Transcriptome analysis of Brenneria goodwinii inoculations on live oak logs. (a) Principal component analysis (PCA) of (top) B. goodwinii (n = 3) compared to control (n = 6); (bottom) B. goodwinii and A. biguttatus compared to control (n = 6). (b) Geneset enrichment analysis (GSEA) of B. goodwinii gene families when compared to (left) water and wound control oak logs; (right) B. goodwinii inoculated in combination with A. biguttatus when compared to B. goodwinii only. The lower q-value represents increased magnitude of gene family expression and circle size represents number of genes per family. (c) Gene expression changes of selected significantly differentially expressed genes, these are anti-toxicity genes (yellow), biofilm and persistence genes (purple), secretion system effectors (blue): (top) B. goodwinii compared to control; (bottom) B. goodwinii and A. biguttatus compared to control. Transcriptome samples were taken from log inoculations of bacterial combinations, wound and water controls, and field samples of AOD lesions and asymptomatic oaks. Bg = Brenneria goodwinii; eggs = A. biguttatus. (Online version in colour.)
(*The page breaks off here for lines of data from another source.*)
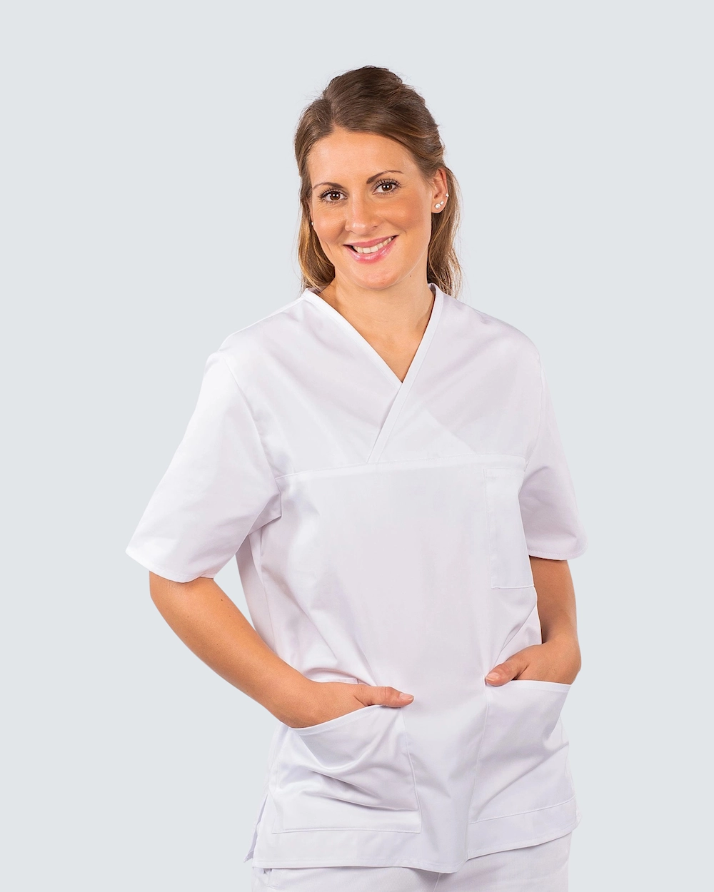 Hejco Timeless -malliston Kerry pusero unisex-mallissa tilavalla istuvuudella. V-kaula, sivuhalkio ja lyhythihainen. Kaksi sivutaskua, rintatasku ja puhelintasku. Avainpaikka. Sopii terveydenhuollon, hammas- ja eläintenhoidon työntekijöille. Materiaali on OEKO-TEX-sertifioitu, mikä tarkoittaa, että se ei sisällä kemikaaleja terveydelle haitallisina pitoisuuksina.
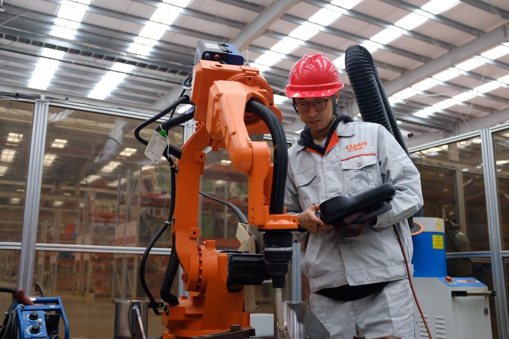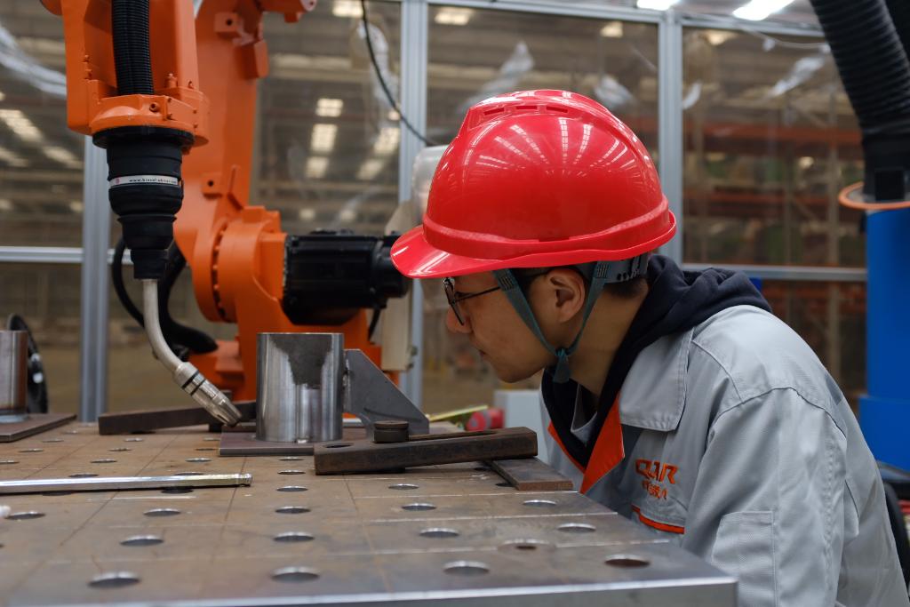 手持控制面板设置参数,给焊接机器人进行编程,使其能按照既定轨迹对工件进行一次性焊接……这是机器人编程师王洋如今的工作日常。回忆起刚参加工作时,他还只是一名普通的焊接工艺师。
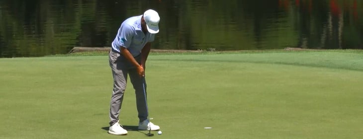 Auf der 12 muss er dann plötzlich etwas zaubern um nach eingebunkerter Annäherung ein Bogey noch zu vermeiden. Der Sand Save spornt den ehemaligen Houston Champion sichtlich auch noch zusätzlich an, denn auf der 13 locht er sogar von knapp außerhalb des Grüns zum nächsten Birdie und da er auch vom letzten Par 5 kurz danach einen Schlaggewinn eintütet, taucht er endgültig erstmals unter den Top 10 auf.

The T3SS is a primary virulence factor in seven of the top 10 bacterial plant pathogens [22]. Brenneria goodwinii encodes a complete T3SS and multiple effectors, which is likely to be a key pathogenicity component within AOD tissue necrosis [18]. Within B. goodwinii and A. biguttatus live log inoculations, four T3 effectors are significantly differentially expressed, only one of which is expressed in B. goodwinii only inoculations (figure 2c). Significantly expressed T3 effectors are; HopPtoL (Padj = 0.02), SrfB (Padj = 0.02), AvrE_2 (Padj = 0.015), in addition to AvrE_1 which is significantly differentially expressed in B. goodwinii only and with A. biguttatus inoculations (Padj = 0.04, B. goodwinii inoculation only; Padj = 0.0001, B. goodwinii and A. biguttatus co-infection). The AvrE T3 effector is found in a wide number of bacterial plant pathogens owing to its proclivity for horizontal gene transfer [23]. Notably, within the plant pathogen Pseudomonas viridflava, AvrE is the primary virulence factor [24].
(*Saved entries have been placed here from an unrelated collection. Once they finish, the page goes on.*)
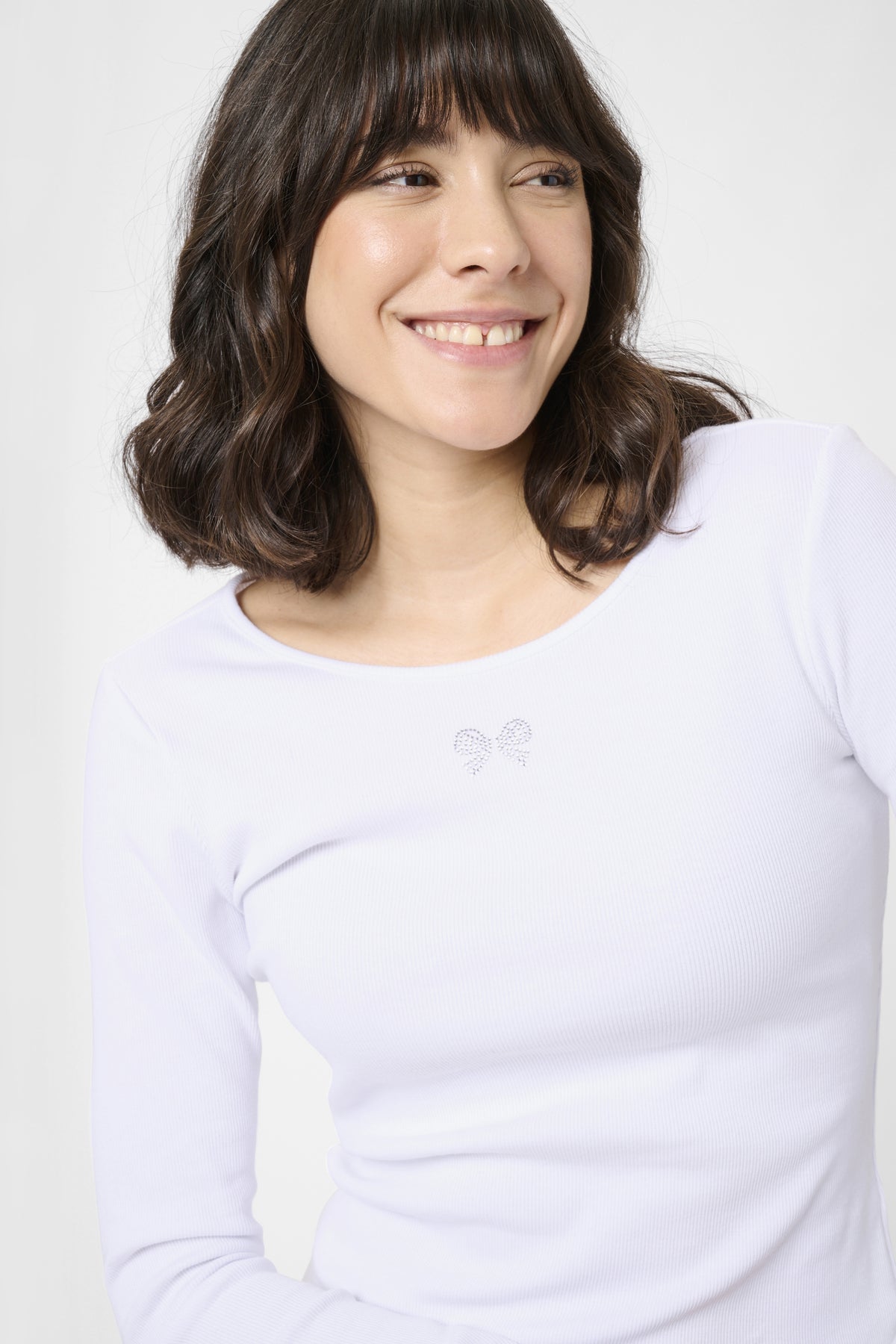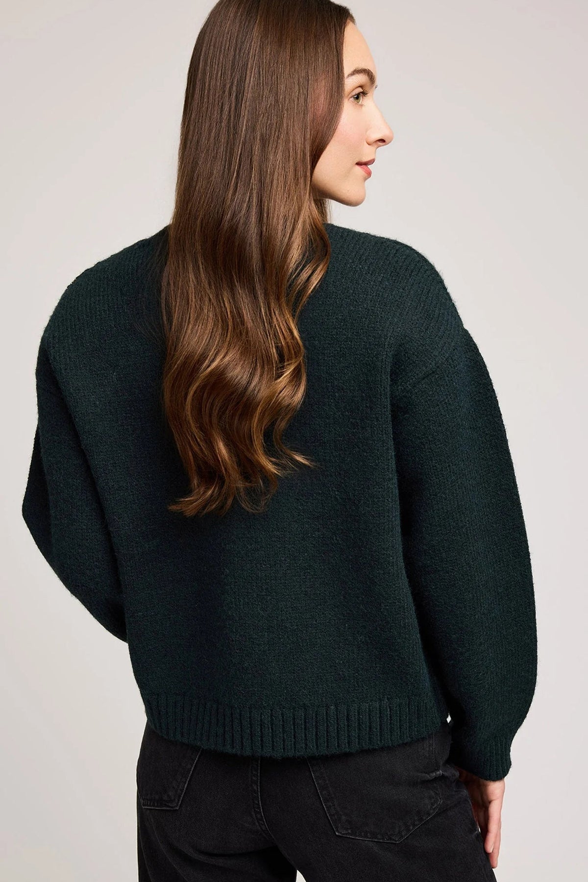 Sweater with a straight silhouette, soft finish, classic crew neckline with subtle embellishment. Features relaxed gathered sleeves and ribbed cuffs for understated style.
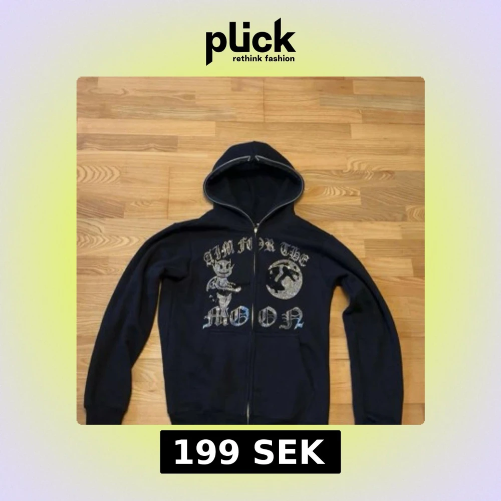 Snygg svart hoodie Från Aim for the Moon säljer för 200kr helt ny utan prislapp använd 1 gång!!
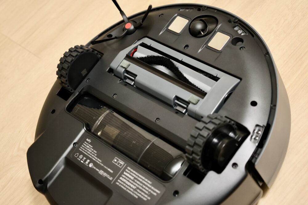 ロボット掃除機の裏側はこんな感じ。駆動輪は2つで、サスペンションが備わっていて、それなりの段差を乗り越えることができる。吸引部分にはローラーがあり、ダストを掻き込む構造だ。前輪の両脇についている四角い金属板は充電用の端子。左上にある3本のハケは回転してエッジ部分のダストを掻き出す。
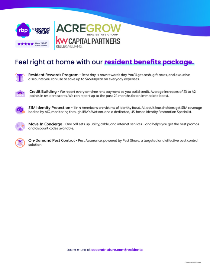 At Acregrow, we strive to provide an experience that is cost-effective and convenient. That’s why we offer a Resident Benefits Package (RBP) to address common headaches for our residents. The program handles identity protection, pest control, utility set up, credit building, rent rewards, and more. More details upon application.

(c). Detoxification genes in B. goodwinii are stimulated by the presence of A. biguttatus, which may neutralize host defences

As described above, co-infection of oak logs with A. biguttatus significantly increases the number of significantly differentially expressed genes within B. goodwinii and stimulates expression of putative pathogen genes. In addition, homologues of genes which neutralize tree defences were expressed. In previous studies, these homologues have been shown to create a desirable environment for pupation and bacterial persistence [25]. The number of significantly differentially expressed genes in B. goodwinii inoculated logs increased from 191 to 552 when A. biguttatus eggs were co-inoculated. Genes upregulated by A. biguttatus eggs and not in B. goodwinii only log inoculations included host defence detoxification genes; catalase peroxidase (Padj < 0.0001; E.C. 1.11.1.21), glutathione reductase (Padj = 0.02; E.C. 1.8.1.7), and glutathione-regulated potassium efflux system (Padj = 0.02). Catalase peroxidase and glutathione reductase are encoded on the same operon; catalase peroxidase (katG) protects against hydrogen peroxide released by host defences [26] and glutathione is a metabolite of isoprene and its derivative terpene, both of which are common in oak trees and used to combat abiotic stress and in high quantities are toxic to bark-boring beetles [7,27,28]. Brenneria goodwinii mediated terpene reduction may exhaust terpene synthesis similar to that of drought stressed oaks which initially produce abundant amounts of terpenes but upon severe drought stress are no longer able to synthesize the volatiles, leaving them open to herbivores [29].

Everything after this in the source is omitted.